Enough To Share
This is the abundance agenda.One of the best things about reading what other people write is that sometimes, someone will articulate something that's been kicking around in my brain, but I'd never had quite the correct formulation for. Derek Thompson's Abundance Agenda is one of those things that I'd been thinking, but had yet to come across the right words for. It's one of those things that is, like so many, easier said than done, but it's about as easily understood as said. In a nutshell, the United States needs to stop manufacturing scarcity, and put that energy into creating abundance, instead.
Derek Thompson "A Simple Plan to Solve All of America’s Problems"
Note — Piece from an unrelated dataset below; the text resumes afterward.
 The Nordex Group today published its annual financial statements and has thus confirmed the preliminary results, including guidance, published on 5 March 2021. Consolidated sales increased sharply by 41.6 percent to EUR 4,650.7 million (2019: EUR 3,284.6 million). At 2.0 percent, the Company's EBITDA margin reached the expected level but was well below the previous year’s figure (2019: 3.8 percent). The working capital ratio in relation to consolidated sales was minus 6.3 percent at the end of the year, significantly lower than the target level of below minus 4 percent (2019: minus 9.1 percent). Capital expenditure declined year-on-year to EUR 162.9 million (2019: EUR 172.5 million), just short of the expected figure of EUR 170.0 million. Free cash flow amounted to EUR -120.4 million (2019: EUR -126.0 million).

As he points out in the article, many of the tools to do this are already there. Many people understand why certain items are scarce, and so it's understood what needs to happen to change that scarcity. Seattle city councilwoman Kshama Sawant has made a name for herself by being at the head of any parade that blames Seattle's housing costs on large companies like Amazon. This despite the fact that it's been understood since 2008 that a large part of what's been driving home prices upwards has been Washington State's Growth Management Act, which constrained the amount of buildable land when demand was rising. Add in NIMBYs who don't want high-density rental housing in their neighborhoods, and one can see how the prices for the limited local home stock keep rising.
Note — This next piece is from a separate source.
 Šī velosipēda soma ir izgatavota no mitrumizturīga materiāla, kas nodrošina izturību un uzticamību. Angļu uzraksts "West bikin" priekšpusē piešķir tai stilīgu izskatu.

But rather than embrace the idea that the area needs to look at its regulatory and political environment, Councilwoman Sawant tends to focus on the scarcity, as a way of prompting people to support her particular brand of redistributionist policies. And not that I have anything against redistribution, per se. I think there are often better ways of going about it is all.
That, however, means becoming less attached to scarcity as something that can provide the resources needed to transcend, well, scarcity. I look forward to what Mr. Thompson is going to propose as his series goes on, because I'm of the opinion that the United States is too attached to the idea of scarcity to really thrive. A lot of the current divide in the American political system is driven by people having the understanding that the country has too many people who are not like them, but who want what they have. An abundance agenda could help change that. Because however much it may be true that wealthy people are not above theft, as a general rule, someone who wants for little has fewer incentives to steal than someone who doesn't know where their next meal or safe night will come from.
American society doesn't need to be so aggressively efficient to sustain itself. The world won't end if people can manage to keep themselves from starving only working 32 or even 25 hours a week. American politics does really see a way to make that point. Let's see if opinion journalism can manage it, instead.